当前位置：网站首页>1 sparksql overview

1 sparksql overview

2022-07-19 05:33:00 【Mmj666】

1 SparkSQL summary

1.1 SparkSQL What is it?

Spark SQL yes Spark For structured data (structured data) To deal with the Spark modular .

1.2 Hive and SparkSQL

Shark There are two branches ：SparkSQL and Hive on Spark

SparkSQL As Spark A member of the ecology continues to develop , And no longer limited by Hive, Just compatible Hive;
Hive on Spark It's a Hive Development plan of , The plan will Spark As Hive One of the underlying engines , That is to say say ,Hive Will no longer be limited to one engine , May adopt Map-Reduce、Tez、Spark Equal engine .

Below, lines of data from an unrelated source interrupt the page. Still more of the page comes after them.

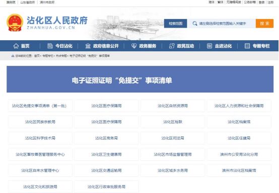 目前,已在沾化区人民政府官方网站设立“无证明城市”专栏(http://www.zhanhua.gov.cn/col/col283348/index.html),公示《沾化区电子证照证明“用证”事项清单(第一批)》共631项,包括身份证、营业执照、不动产证明、卫生许可证等证照证明48类。办事群众通过爱山东APP申领身份证、营业执照电子证照,实现“免证办”“零跑腿”,切实提升群众获得感和满意度。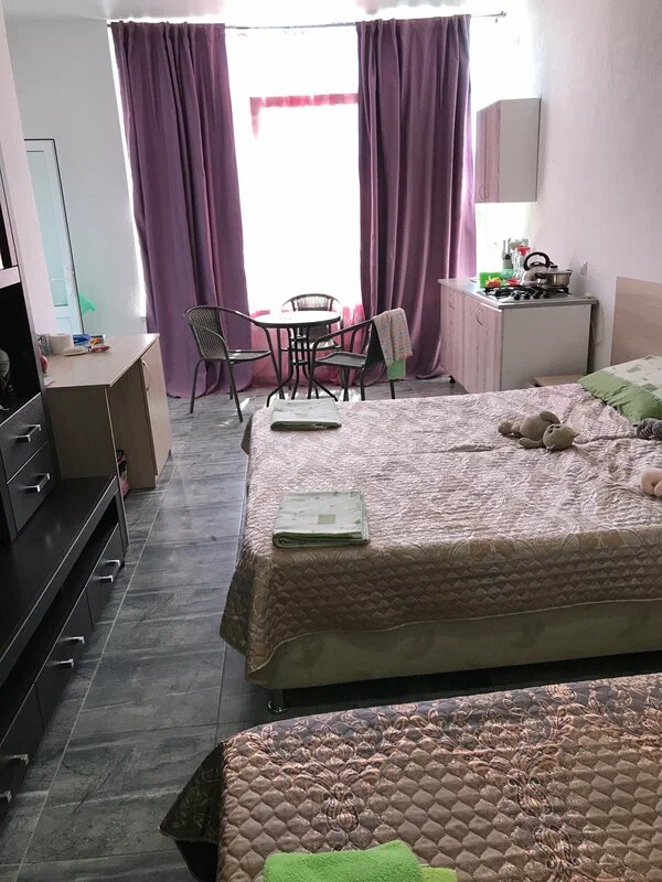Чисто, уютно в номерах. Хорошо оборудованная отдельно стоящая кухонная зона. Рядом санаторий ‘Искра’ с термальными бассейнами. В шаговой доступности Азовское море.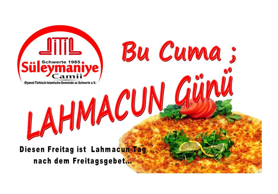 DİTİB Süleymaniye Kadınlar Kolu organizesiyle 15.01.2016 tarihinde Cuma namazından sonra taze lahmacun satışı olacaktır.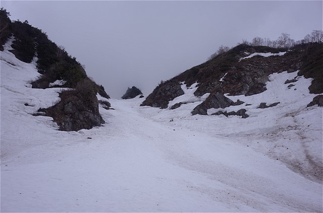 7:26 1773m 釜谷山の北方2286コルからの谷と合流する。この谷はスキーゲレンデである。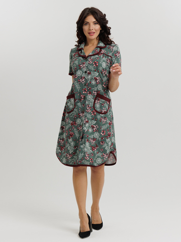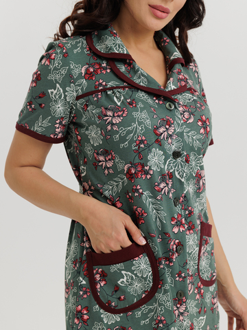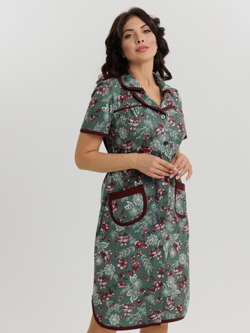 Стильный и комфортный халат прямого силуэта на пуговицах. Двойной воротник, короткие рукава, карманы, боковые разрезы и низ изделия отдекорированы бейкой. Пояс в боковых швах элегантно подчеркивает талию и создает изумительный образ.
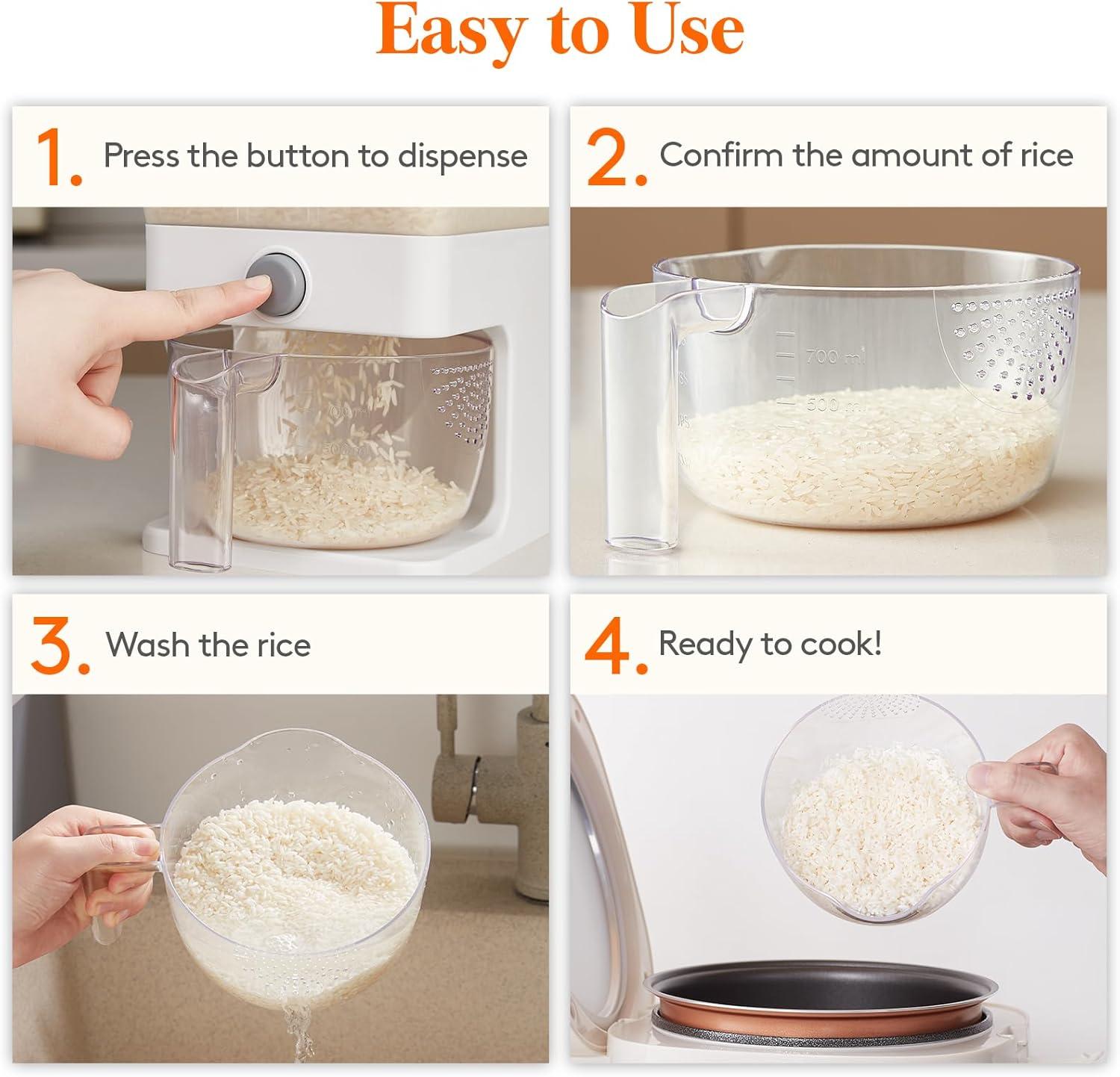 Easy to Use: Just press the button for dispensing the rice, and release the button to stop. Both the rice dispenser and the cup have transparent scales, so you can intuitively understand the remaining amount of rice and the amount of rice to be taken. And it is easy to disassemble to clean it.

For developers ,SparkSQL Sure simplify RDD Development of , Improve development efficiency , And the execution efficiency is very fast , So in practice , Basically SparkSQL.Spark SQL In order to simplify the RDD Development of , Improve development efficiency , Provides 2 Programming abstractions , similar Spark Core Medium RDD

DataFrame
DataSet

1.3 SparkSQL characteristic

1.3.1 Easy integration

Seamless integration SQL Query and Spark Programming

1.3.2 Unified data access

Connect different data sources in the same way

1.3.3 compatible Hive

Run directly on the existing warehouse SQL perhaps HiveQL

1.3.4 Standard data connection

adopt JDBC perhaps ODBC To connect

1.4 DataFrame

stay Spark in ,DataFrame Is a kind of RDD Based on distributed data sets , Similar to two-dimensional tables in traditional databases .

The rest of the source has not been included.